The Roundabout (1992)

by Alice Adams (1930 - )

Photo Caption: Photo by Alec Rogers © 2014 for the Association for Public Art
  • Title

    The Roundabout

  • Artist

    Alice Adams (1930 - )

  • Year

    1992

  • Location

    Thomas Jefferson University, Bluemle Life Sciences Building, 10th and Locust Streets

  • Medium

    Mixed media: stone, concrete, bronze engravings, landscape materials, water

  • Dimensions

    216' x 160'

  • Themes

    Women and Public Art, Functional Public Art, Water and Fountains

Commissioned by Thomas Jefferson University through the Philadelphia Redevelopment Authority

Owned by Thomas Jefferson University

At A Glance

  • Artwork refers to Thomas Jefferson’s Monticello home, where all the roads and paths are called “roundabouts”

  • Adams transformed the landscape using sculptural and architectural elements, mounds of grass, plantings, pathways, and a water wall

  • Adams interplay between art and design provides moments of seclusion as well as opportunities for gathering

  • As the seasons change, so do the plantings, creating different moments of openness or seclusion depending on the time of year

In a one-acre area at the Bluemle Life Sciences Building on Thomas Jefferson University’s campus, The Roundabout encompasses the landscape – it is the landscape. Completed in 1992, artist Alice Adams was commissioned by the University through the Philadelphia Redevelopment Authority’s Percent for Art Program. Responding to the site’s slight change in elevation, Adams transformed the landscape using sculptural and architectural elements, mounds of grass, plantings, pathways, and a water wall.

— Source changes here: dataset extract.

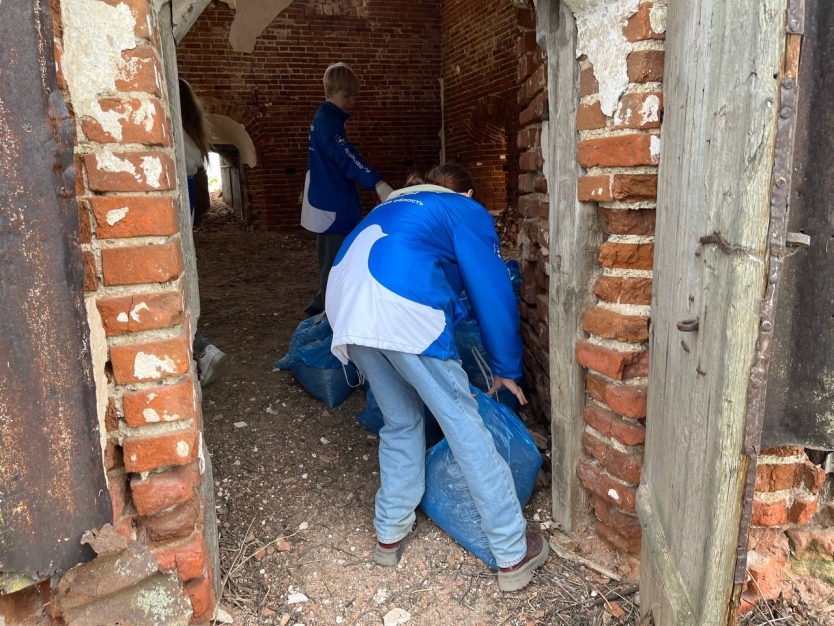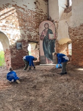 30 Волонтёров Победы в течение дня привели в порядок внутренние помещения церкви, а также территорию, прилегающую к храму: очистили её от бытового мусора, камней, сухих веток и прошлогодней листвы, скосили траву и расчистили двор храма от зарослей кустарников, скрывавших архитектурные элементы здания.

aerial view of The Roundabout showing tree plantings, a grass mound, water feature, and pathways
The Roundabout by Alice Adams, photo by William Gordy

The complex work refers to Thomas Jefferson’s Monticello home in Virginia, where “roundabout” is a term used for roads and pathways. The title also captures how the public regularly moves through the space. “My later work challenges people. It seduces them. They don’t know if it’s art, sculpture or something else. And you have to give them something once you’ve drawn them in,” says Adams.

The design features low curving walls that form a perimeter around a large mound of grass, and a water wall that cuts into one side of the mound. The water first flows slowly and smoothly before tumbling over panels of stone, creating a waterfall and illuminated pool. Paths surrounding the mound and water feature are punctuated with trees, and stairways on either side of the water lead to a stone path on top of the mound.

In addition to its nod to Monticello, the northwest corner of the design makes reference to Philadelphia’s architecture. An outlined configuration of lit doorways and stoops with railings creates a framework that recalls the many rowhomes nearby – a recognizable part of the city’s architectural fabric. The rowhome-like openings lead to a separate courtyard with green, pink, and white granite pavings in the shape of Monticello’s great lawn. Adams interplay between art and design provides moments of seclusion as well as opportunities for gathering.

In addition to the architectural gestures incorporated into the composition, botanical elements play an important role. Plant imagery, which is historically critical to medical care, has been etched into bronze plates and set into the paths. Layers of shrubs, trees, and groundcover create a thicket in the southeast section of the plaza. Pear trees, maple trees, boxwood hedges, holly, day lily beds, and other groundcover envelop more areas. As the seasons change, so do the plantings, creating different moments of openness or seclusion depending on the time of year.